Yes, I think I understand the symptoms, but I find it hard to believe that ExifTool would read different data from a file (only for non-ASCII characters!), depending on how long it has been closed.

But I just had a thought.  If, somehow, Windows doesn't have enough file descriptors to open another file, then the Windows open could fail until a descriptor is freed.  That doesn't make much sense though.  However, if there is some common resource that isn't available, it could cause a problem like this.

- Phil
...where DIR is the name of a directory/folder containing the images.  On Mac/Linux/PowerShell, use single quotes (') instead of double quotes (") around arguments containing a dollar sign ($).

ribtoks

Quote from: Phil Harvey on March 16, 2016, 08:44:12 PM
Yes, I think I understand the symptoms, but I find it hard to believe that ExifTool would read different data from a file (only for non-ASCII characters!), depending on how long it has been closed.

But I just had a thought.  If, somehow, Windows doesn't have enough file descriptors to open another file, then the Windows open could fail until a descriptor is freed.  That doesn't make much sense though.  However, if there is some common resource that isn't available, it could cause a problem like this.

- Phil

I thinkg running out of descriptors is not the case. I'm not blaming exiftool of reading wrong characters - more Windows API in non-consistent behavior. But still error persists and I need somehow to tackle it.
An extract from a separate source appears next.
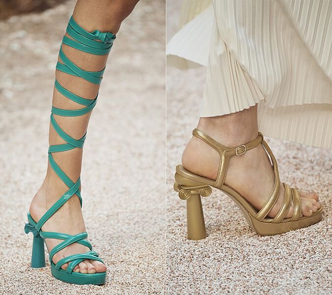 宛如古羅馬戰士般的綁帶鞋貫串了整個系列,其中除了改良版的短靴,高跟涼鞋則是以石柱造型鞋跟打造,成功製造新一季的風格話題。

If you will have any ideas - drop me a message

ribtoks

#9
Quote from: Phil Harvey on March 16, 2016, 08:44:12 PM
Yes, I think I understand the symptoms, but I find it hard to believe that ExifTool would read different data from a file (only for non-ASCII characters!), depending on how long it has been closed.
- Phil

Hi Phil

I have new data which might me interesting for you. Now I think the bug/feature is in Exiftool related to some environment issues.

Scenario:
- arguments file exists in utf-8 saved with notepad++
- exiftool is being launched from cmdline (cmd.exe) exiftool -charset FileName=UTF8 -@ C:/path/to/arg_exiftool. Everything is fine, Exiftool read data correctly.
- exiftool is being launched from QProcess with the same arguments. What happens:
Under one session of my application under 1st launch exiftool fails to read the file with error FileNotFound (encoding stuff), BUT in the same session after I try to import same file again, it's being read correctly! Exiftool reads correct encoding.
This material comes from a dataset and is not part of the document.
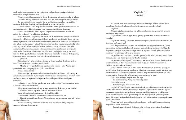— Tengo …, eh … Tengo que llamar a mi padre— dijo Travis, mientras abría el teléfono con el ceño fruncido. Cogí aire y esperé que mi voz sonara más fuerte de lo que yo me sentía.— Tal vez deberías esperar. Todavía no sabemos nada. Apartó los ojos de los números y le tembló el labio.— Esto es una mierda. Trent nunca debería haber estado ahí.— Ha sido un accidente, Travis. No podías prever que pasara algo así— dije, tocándole la mejilla. Frunció el ceño y cerró con fuerza los ojos. Respiró hondo y empezó a marcar el número de su padre.

So I suppose in the first launch Exiftool sets some inner environment regarding unicode and I would like to know what is it? Can it be fixed on my side with some prerunning?

Phil Harvey

Could you post an example of an argfile that exhibits this behaviour?

- Phil
...where DIR is the name of a directory/folder containing the images.  On Mac/Linux/PowerShell, use single quotes (') instead of double quotes (") around arguments containing a dollar sign ($).

ribtoks

Quote from: Phil Harvey on March 17, 2016, 07:12:34 AM
Could you post an example of an argfile that exhibits this behaviour?

- Phil

http://pastebin.com/NjU8m1iR - File contents
https://dl.dropboxusercontent.com/u/14391423/%D1%8E%D0%BD%D1%96%D0%BA%D0%BE%D0%B4%C3%81.jpg - Image
https://dl.dropboxusercontent.com/u/14391423/arg_exiftool - File

Again.. works OK if launched from 'cmd'..

Phil Harvey

Your argfile doesn't specify a -charset filename ?

- Phil

Edit:  Ah, I see.  It is run with:

exiftool -charset FileName=UTF8 -@ C:/path/to/arg_exiftool
...where DIR is the name of a directory/folder containing the images.  On Mac/Linux/PowerShell, use single quotes (') instead of double quotes (") around arguments containing a dollar sign ($).

ribtoks

Quote from: Phil Harvey on March 17, 2016, 07:29:36 AM
Your argfile doesn't specify a -charset filename ?

If specified inside argfile it gives error There's no such TAG "-charset".

Phil Harvey

Quote from: ribtoks on March 17, 2016, 07:32:50 AM
If specified inside argfile it gives error There's no such TAG "-charset".

You need to put it on 2 lines:

-charset
filename=UTF8


And make sure there are no extra spaces on each line.

- Phil
...where DIR is the name of a directory/folder containing the images.  On Mac/Linux/PowerShell, use single quotes (') instead of double quotes (") around arguments containing a dollar sign ($).